THE CAMBASHI VIEW: Rethinking Product Chain Alignment Design

In today’s fast-paced product marketplace, old approaches to aligning supply chains, products, and packaging are no longer sufficient. Cambashi’s US president Julie Fraser envisions the modern product chain.

By Julie Fraser
Cambashi, Inc.

Julie Fraser

For many manufacturers, the package is something you put together once the product design has been completed—and neither activity takes very much notice of what is going on in the supply chain. Conversely, the team designing the supply chain inevitably makes decisions based on what it knows—which is usually limited to the products currently in production.  Dealing with these three “design” issues in a sequential or, even worse, an iterative fashion may have made sense a few years ago, but is not acceptable today. In the ultra-competitive markets of the 21st century, failure to integrate, or at least align, these activities means missing out on two things—the opportunity to increase revenue from differentiation and the possibility to save money—either through direct cost reductions or by increased efficiency.

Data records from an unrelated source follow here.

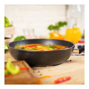 Dank des geschmiedeten Aluminiums bleibt die Pfanne trotz ihrer grossen Höhe sehr handlich und ist für den täglichen Gebrauch bestens geeignet.
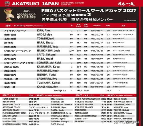 日本男篮集训名单如下:
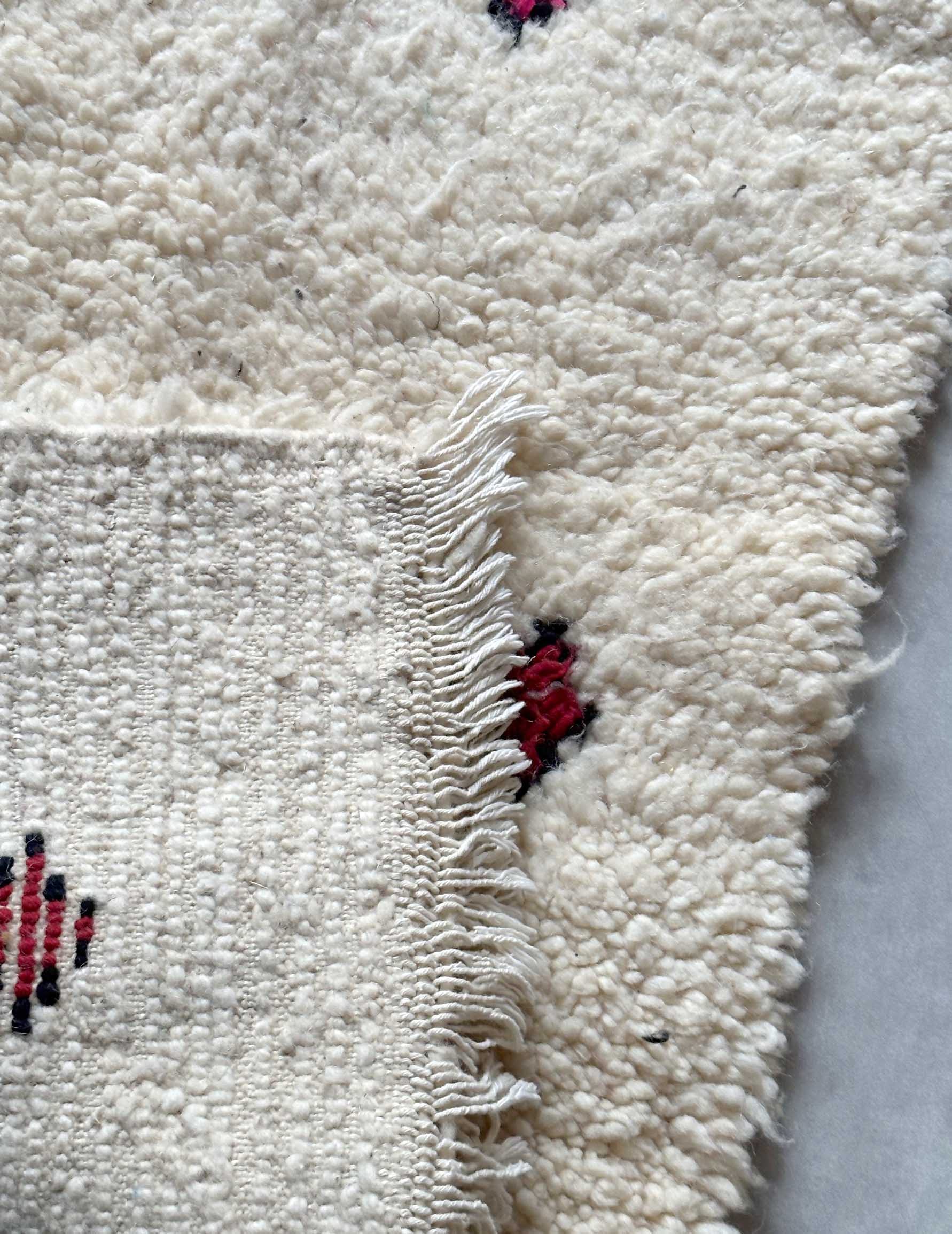 ・生産の性質上、ウールに他の色や植物の繊維が混じっている場合があります。検品の際に、除去できるものは取り除いていますが、手作業なので多少残っている場合がありますのでご了承ください。またピンセットを使うとラグを傷めずに取り除くことができます。

Twenty-first century consumers are informed, demanding and fickle—products are discarded long before they reach the end of their life.  Brand loyalty, where it exists at all, is more transient. In terms of brand relationships, yesterday’s lifelong marriage is today’s one-night stand. In many product categories differentiating between one product and the competitors in functional terms has become almost meaningless while style or fashion criteria have assumed greater importance. Cambashi and others believe there is a “new normal” for the economy, driven by rapidly changing consumer demand. This new normal is more tightly connected and volatile, shaped by the instant, unlimited access to information and opinion—and delivered by multiple, parallel media channels.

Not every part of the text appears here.